Microscopy of infected cells
E. coli MG1655 cells that contain an inducible pBAD plasmid containing the E. coli E831-derived Pycsar or a negative control containing a pBAD-GFP plasmids were grown in MMB medium at 37°C with 0.2% arabinose. When growth reached an OD600 of 0.3, 250μM of cCMP was added to the medium. Sixty min following the addition of cCMP, 500 μl of the samples were centrifuged at 10,000×g for 2 min at 25°C and resuspended in 5 μl of 1× phosphate-buffered saline (PBS), supplemented with 1 μg ml−1 membrane stain FM4-64 (Thermo Fisher Scientific T-13320) and 2 μg ml−1 DNA stain 4,6-diamidino2-phenylindole (DAPI) (Sigma-Aldrich D9542-5MG). Cells were visualized and photographed using an Axioplan2 microscope (ZEISS) equipped with ORCA Flash 4.0 camera (HAMAMATSU). System control and image processing were carried out using Zen software version 2.0 (Zeiss).
Phylogenetic analysis
To generate the phylogenetic tree in Figure 2A the ‘clusthash’ option of MMseqs2 (Steinegger and Söding, 2017) (release 6-f5a1c) was used to remove protein redundancies (using the ‘--min-seq-id 0.9’ parameter).

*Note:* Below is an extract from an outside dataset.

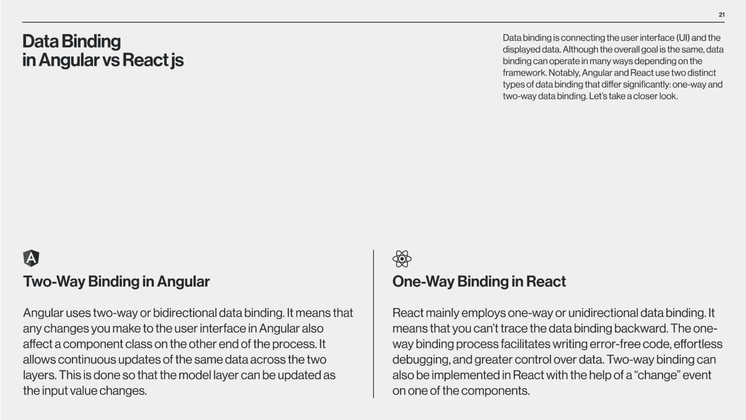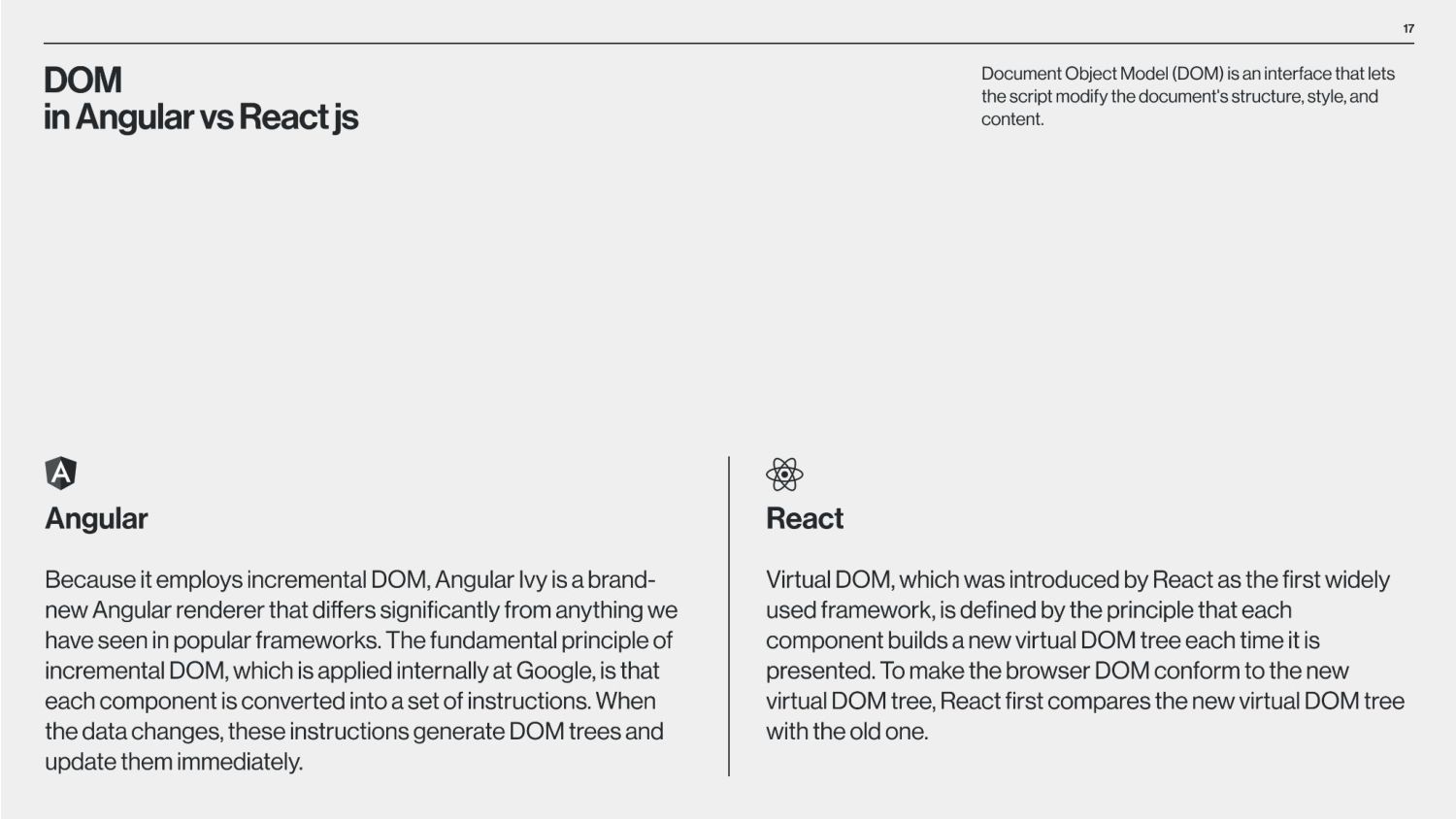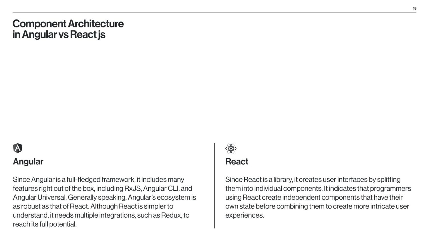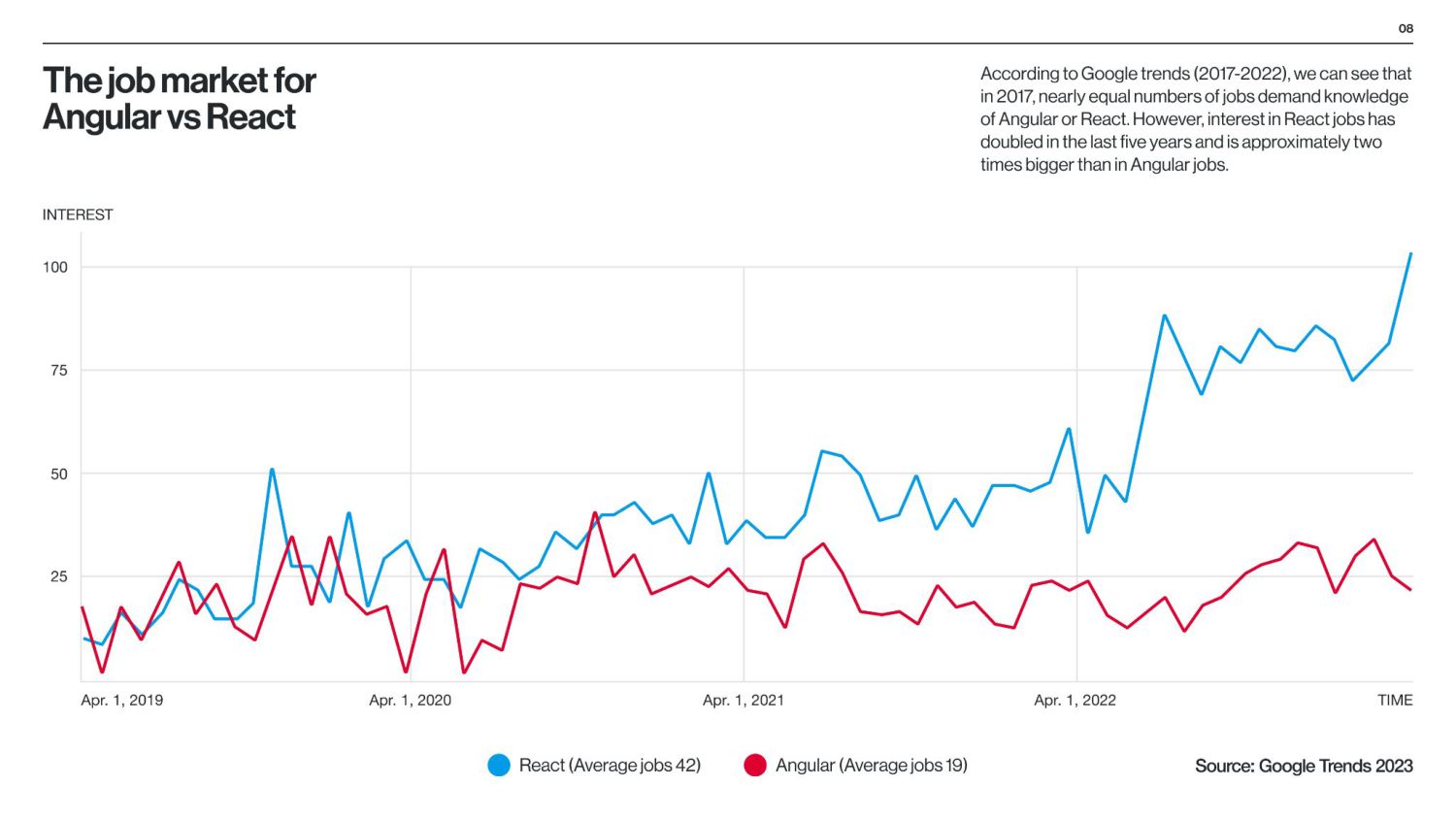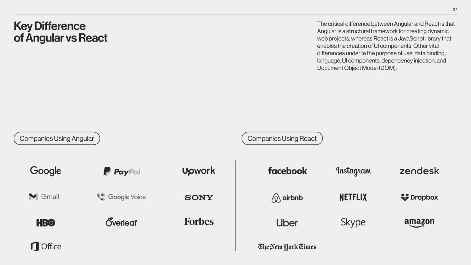 between Angular and React is that Angular is a structural framework for creating dynamic web projects, whereas React is a JavaScript library that enables the creation of UI components. Other vital differences underlie the purpose of use, data binding, language, UI components, dependency injection, and Document Object Model (DOM). React is used by numerous social media platforms, including Facebook, Instagram, and Skype. Uber, Airbnb, Netflix, The New York Times, Dropbox, Zendesk, and Amazon are additional companies that have created apps utilizing React. Companies Using React Companies Using Angular Angular is used by Google, Microsoft Office Home, Upwork, Sony, and PayPal. Forbes, HBO, and Overleaf are examples of well-known applications created with Angular. The framework is also used by many Google applications, including Gmail and Google Voice. The job market for Angular vs React According to Google trends (2017-2022), we can see that in 2017, nearly equal numbers of jobs demand knowledge of Angular or React. However, interest in React jobs has doubled in the last five years and is approximately two times bigger than in Angular jobs.

Sequences that were shorter than 200 amino acids were also removed and HHsearch was used to identify the cyclase domain in each protein sequence. Eight sequences of diguanylate cyclase were added (IMG ID: 2503740511, 2689262325, 2688711941, 2688713579, 2661427045, 2661426508, 2688078042, 2688079262) and were used as an outgroup. Sequences of the cyclase domain were aligned using clustal-omega v.1.2.4 with default parameters (Sievers and Higgins, 2018). FastTree was used to generate a tree from the multiple-sequence alignment using default parameters (Price et al., 2009). iTOL was used for tree visualization (Letunic and Bork, 2019). To generate the sequence motifs of clades B and E, sequences of each clade were aligned using clustal-omega v.1.2.4 with default parameters (Sievers and Higgins, 2018). Weblogo3 (version 2.8.2) was used to generate the motifs for each clade (Crooks et al., 2004).
Fitness assay of mutant pb8 phages
Mutant and WT T5 phages were mixed in a target ratio of approximately 1:1. Overnight cultures of bacteria harboring the defense system (E. coli MG1655 with a pSG1 plasmid containing the system from E. coli E831 or a negative control strain with an empty vector) were diluted 1:100 in MMB medium. Cells were incubated at 37°C while shaking at 200 rpm until early log phase (OD600 0.3). System-expressing and control cells were infected with the phage lysate for a final MOI of 0.2, and incubated for 3 h at 37°C while shaking at 200 rpm. Cultures were then centrifuged at 3200×g for 5 min and phage-containing supernatant was filtered through a 0.2 μm filter to get rid of remaining bacteria. Phage titer was then checked using the small drop plaque assay on the negative control strain as described above. This phage lysate was subsequently used for the infection of a fresh culture of bacteria at an MOI of 0.2 (second passage). The same process was carried out for the third passage. In each of the passages, 0.5 ml of the phage lysate was kept for DNA extraction and sequencing, as detailed above.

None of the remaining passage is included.